We came upon a milestone in our history in 2014 when we celebrated the 100th anniversary of the founding of the Palo Alto Buddhist Temple. We have been fortunate that some of the very influential families had the courage and initiative to purchase in the mid 1950’s, the property that we now know as 2751 Louis Road. Since then they have proceeded to fund raise and build a temple, a gym, classrooms, and a parsonage to house the resident minister.

We have been on this site for over 60 years now. The Hondo or temple hall has gracefully worn the stresses of time and use and has gone under some renovation. That is not to say that it still doesn’t need mending, repairing or upgrading. However, before we had to shut down because of the Covid-19 virus, visitors entered our Hondo and were immediately impressed with our altar and the image of the Buddha.

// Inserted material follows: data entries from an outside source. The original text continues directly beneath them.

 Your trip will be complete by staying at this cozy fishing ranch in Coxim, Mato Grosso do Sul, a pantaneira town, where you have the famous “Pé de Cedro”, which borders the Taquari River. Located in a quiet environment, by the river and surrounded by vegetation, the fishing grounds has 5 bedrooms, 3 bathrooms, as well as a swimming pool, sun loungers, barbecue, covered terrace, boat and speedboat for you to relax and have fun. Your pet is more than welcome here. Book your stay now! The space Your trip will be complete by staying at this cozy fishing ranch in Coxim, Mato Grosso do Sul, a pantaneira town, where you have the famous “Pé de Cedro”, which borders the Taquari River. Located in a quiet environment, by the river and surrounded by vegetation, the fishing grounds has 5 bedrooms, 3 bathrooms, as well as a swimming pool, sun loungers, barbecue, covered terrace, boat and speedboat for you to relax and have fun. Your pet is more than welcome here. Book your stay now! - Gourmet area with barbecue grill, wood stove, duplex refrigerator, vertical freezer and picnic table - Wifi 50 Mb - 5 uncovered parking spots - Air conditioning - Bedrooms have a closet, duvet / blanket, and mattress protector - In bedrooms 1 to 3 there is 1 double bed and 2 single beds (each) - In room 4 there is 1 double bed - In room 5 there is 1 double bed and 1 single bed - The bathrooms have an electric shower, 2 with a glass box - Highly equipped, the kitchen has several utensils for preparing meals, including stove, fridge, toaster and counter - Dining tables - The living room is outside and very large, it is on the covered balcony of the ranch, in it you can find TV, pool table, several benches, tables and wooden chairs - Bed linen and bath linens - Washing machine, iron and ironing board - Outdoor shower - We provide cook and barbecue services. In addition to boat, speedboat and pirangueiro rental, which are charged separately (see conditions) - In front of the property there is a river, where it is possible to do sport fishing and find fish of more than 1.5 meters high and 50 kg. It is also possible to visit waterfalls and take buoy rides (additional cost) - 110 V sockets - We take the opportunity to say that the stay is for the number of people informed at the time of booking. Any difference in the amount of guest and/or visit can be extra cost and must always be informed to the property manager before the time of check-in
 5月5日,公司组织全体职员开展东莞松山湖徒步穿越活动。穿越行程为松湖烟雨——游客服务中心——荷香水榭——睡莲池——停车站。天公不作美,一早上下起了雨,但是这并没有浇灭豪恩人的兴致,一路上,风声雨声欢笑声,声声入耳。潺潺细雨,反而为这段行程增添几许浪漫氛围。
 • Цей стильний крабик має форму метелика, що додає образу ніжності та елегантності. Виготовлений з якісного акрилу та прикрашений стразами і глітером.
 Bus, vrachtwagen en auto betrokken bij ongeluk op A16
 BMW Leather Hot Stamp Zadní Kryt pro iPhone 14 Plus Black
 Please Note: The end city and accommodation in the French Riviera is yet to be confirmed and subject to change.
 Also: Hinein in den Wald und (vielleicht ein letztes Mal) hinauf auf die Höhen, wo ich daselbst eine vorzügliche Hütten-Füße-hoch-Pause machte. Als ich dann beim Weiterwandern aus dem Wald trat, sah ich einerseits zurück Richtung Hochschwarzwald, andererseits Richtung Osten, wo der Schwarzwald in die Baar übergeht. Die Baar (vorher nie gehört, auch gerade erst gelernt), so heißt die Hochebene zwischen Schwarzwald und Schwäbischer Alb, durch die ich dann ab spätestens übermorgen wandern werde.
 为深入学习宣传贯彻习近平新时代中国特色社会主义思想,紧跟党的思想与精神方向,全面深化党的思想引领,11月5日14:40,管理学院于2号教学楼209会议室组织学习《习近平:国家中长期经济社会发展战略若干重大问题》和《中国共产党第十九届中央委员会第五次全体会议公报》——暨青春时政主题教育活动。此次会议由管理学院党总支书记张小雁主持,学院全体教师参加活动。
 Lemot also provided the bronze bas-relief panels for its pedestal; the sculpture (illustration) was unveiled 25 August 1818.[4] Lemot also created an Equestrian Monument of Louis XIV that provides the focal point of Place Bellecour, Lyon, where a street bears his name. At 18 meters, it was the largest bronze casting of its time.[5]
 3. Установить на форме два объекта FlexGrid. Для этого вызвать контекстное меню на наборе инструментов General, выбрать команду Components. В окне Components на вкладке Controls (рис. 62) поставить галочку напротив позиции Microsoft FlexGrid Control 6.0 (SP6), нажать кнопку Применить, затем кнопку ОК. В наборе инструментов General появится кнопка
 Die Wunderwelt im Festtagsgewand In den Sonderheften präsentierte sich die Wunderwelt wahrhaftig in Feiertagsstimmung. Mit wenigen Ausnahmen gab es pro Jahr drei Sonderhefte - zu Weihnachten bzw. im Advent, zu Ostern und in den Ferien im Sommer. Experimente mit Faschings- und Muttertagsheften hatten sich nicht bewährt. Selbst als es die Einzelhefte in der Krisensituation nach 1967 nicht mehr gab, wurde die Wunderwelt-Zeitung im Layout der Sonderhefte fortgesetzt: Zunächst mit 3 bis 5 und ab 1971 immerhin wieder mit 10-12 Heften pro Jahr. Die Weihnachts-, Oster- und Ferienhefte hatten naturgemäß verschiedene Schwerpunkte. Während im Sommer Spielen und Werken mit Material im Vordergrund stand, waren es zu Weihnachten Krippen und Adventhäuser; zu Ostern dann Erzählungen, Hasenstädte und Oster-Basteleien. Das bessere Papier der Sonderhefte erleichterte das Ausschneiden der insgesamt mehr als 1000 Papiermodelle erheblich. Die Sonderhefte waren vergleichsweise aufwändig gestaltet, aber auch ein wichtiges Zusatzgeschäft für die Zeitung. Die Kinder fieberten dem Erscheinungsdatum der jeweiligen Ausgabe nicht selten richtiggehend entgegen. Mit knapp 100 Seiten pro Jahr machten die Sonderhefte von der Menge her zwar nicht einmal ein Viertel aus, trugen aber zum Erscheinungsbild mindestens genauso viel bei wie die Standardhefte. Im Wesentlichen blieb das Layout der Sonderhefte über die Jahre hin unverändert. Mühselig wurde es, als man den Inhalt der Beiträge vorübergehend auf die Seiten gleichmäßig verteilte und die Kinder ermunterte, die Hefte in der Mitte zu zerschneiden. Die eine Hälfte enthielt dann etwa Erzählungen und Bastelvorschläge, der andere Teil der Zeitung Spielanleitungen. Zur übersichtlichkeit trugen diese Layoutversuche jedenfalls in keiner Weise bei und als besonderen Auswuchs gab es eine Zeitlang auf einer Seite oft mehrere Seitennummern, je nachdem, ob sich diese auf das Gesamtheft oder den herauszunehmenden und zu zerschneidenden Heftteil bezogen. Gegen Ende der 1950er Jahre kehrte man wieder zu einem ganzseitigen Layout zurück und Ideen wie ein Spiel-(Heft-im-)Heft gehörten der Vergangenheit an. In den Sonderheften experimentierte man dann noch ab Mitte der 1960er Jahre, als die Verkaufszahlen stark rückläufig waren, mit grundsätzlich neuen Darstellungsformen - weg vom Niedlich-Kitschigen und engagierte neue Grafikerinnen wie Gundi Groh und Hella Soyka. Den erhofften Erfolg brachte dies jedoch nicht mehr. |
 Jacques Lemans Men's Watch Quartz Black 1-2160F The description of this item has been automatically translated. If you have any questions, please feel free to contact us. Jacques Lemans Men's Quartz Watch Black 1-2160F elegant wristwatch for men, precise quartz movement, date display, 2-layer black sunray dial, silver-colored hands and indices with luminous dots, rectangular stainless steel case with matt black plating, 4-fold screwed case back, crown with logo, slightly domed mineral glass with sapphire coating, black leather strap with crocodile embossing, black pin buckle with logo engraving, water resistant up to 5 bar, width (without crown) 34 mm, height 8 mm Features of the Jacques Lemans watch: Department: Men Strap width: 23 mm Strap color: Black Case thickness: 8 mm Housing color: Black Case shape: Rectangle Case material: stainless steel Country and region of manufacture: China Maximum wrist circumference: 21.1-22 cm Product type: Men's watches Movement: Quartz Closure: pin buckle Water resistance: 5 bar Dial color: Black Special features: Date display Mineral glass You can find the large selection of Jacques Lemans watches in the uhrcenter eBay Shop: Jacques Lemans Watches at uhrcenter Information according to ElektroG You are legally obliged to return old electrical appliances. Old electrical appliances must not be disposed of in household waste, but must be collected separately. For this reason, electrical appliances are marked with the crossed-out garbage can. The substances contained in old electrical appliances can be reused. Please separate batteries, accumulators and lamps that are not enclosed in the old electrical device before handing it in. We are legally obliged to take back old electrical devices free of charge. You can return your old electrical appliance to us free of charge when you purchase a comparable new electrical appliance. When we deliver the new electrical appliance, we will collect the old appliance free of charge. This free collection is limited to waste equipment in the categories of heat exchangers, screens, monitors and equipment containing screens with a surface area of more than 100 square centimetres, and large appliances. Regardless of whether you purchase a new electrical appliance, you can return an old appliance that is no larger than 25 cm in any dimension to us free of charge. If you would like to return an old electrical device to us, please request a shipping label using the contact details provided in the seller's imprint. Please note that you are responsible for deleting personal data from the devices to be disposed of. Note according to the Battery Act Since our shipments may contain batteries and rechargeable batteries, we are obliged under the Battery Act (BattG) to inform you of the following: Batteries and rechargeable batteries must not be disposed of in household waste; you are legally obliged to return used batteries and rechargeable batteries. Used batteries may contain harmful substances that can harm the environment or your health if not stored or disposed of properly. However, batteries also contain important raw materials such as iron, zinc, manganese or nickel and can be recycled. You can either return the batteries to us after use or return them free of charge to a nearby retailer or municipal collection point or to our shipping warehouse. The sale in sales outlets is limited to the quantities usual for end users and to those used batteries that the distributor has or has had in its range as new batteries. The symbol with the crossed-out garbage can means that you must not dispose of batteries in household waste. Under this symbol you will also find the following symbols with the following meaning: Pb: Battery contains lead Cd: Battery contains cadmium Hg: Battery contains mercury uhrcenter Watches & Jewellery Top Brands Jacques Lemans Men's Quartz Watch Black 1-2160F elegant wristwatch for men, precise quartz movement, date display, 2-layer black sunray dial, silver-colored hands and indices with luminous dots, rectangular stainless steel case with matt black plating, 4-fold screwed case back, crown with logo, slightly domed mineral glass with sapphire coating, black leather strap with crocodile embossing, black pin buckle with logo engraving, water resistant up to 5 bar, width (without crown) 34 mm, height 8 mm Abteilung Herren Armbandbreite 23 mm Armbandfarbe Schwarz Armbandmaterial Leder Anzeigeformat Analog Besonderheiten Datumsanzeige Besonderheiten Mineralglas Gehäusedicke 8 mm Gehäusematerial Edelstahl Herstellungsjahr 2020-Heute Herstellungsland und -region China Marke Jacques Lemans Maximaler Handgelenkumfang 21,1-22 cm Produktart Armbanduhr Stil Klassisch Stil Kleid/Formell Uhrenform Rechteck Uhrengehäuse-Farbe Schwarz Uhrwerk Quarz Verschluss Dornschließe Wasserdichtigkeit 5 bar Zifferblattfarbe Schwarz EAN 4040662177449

In the book, Thank you, Namo Amida Butsu, Rev. Chijun Yakimo writes:

Reverend Joen Ashikaga (1878-1960) was a well-known Buddhist scholar, but even more important a remarkable Buddhist personality. He was also highly regarded as a connoisseur of Japanese art and was frequently asked to appraise art objects.

Once when he was living in Kyoto, a pawnbroker came to Reverend Ashikaga.

“Recently a man pawned a statue of the Buddha at my store,” the pawnbroker said. “The statue seems to be quite old and therefore may prove to be very valuable. Please appraise it for me.”

Reverend Ashikaga carefully received the box containing the statue, opened its cover, and placed it on the table before him. He then placed his hands together in gassho as was his custom when standing or sitting before a Buddhist statue. Reverend Ashikaga’s face was aglow with contentment and with a fullness in his heart, said, “Arigatai desu ne! (How grateful!).”

The pawnbroker could not contain himself. Finally, in an irritated voice he said, “Reverend Ashikaga, I know you are grateful, but I would like to know how much you estimate the statue is worth. How much can I ask for it?”

But Reverend Ashikaga just kept repeating, “Arigatai desu ne, arigatai desu ne…” Reverend Ashikaga and the pawnbroker were sitting in the same room, but spiritually they were in different worlds. Obviously, they could not communicate with each other at all. The statue of the Buddha was only a source of money for the pawnbroker, but for Reverend Ashikaga, it was an object of worship and a thing that filled his heart with happiness.

It is a great privileged to house an image of the Amida Buddha and one that carries a great responsibility that we must never forget. The image represents our ultimate potential of living a live with infinite wisdom and compassion. The image of the Buddha has been a source of comfort for those in despair and suffering during great times of grief and sorrow. It has also been the source of encouragement in times of difficulty. It continues to be the source of hope and gratitude as we come to realize the complexities of life itself.

This is the reason why I think we need to observe Eitaikyo. It is a reminder for us to remember and share the lives of the past, live in the present, and continue into the future. This is what I think is referred to as “Infinite Life.” This sharing of life is the core of the heart of compassion. It is for this reason that it is called Amida’s Infinite Life. It is with great responsibility and gratitude that we carry on this task of making sure that Buddhism is available to anyone who is seeking, anyone who may need to hear the teachings. But first, we must realize the value and importance of this tradition ourselves. Otherwise we will be just like the pawnbroker in the story of Reverend Ashikaga.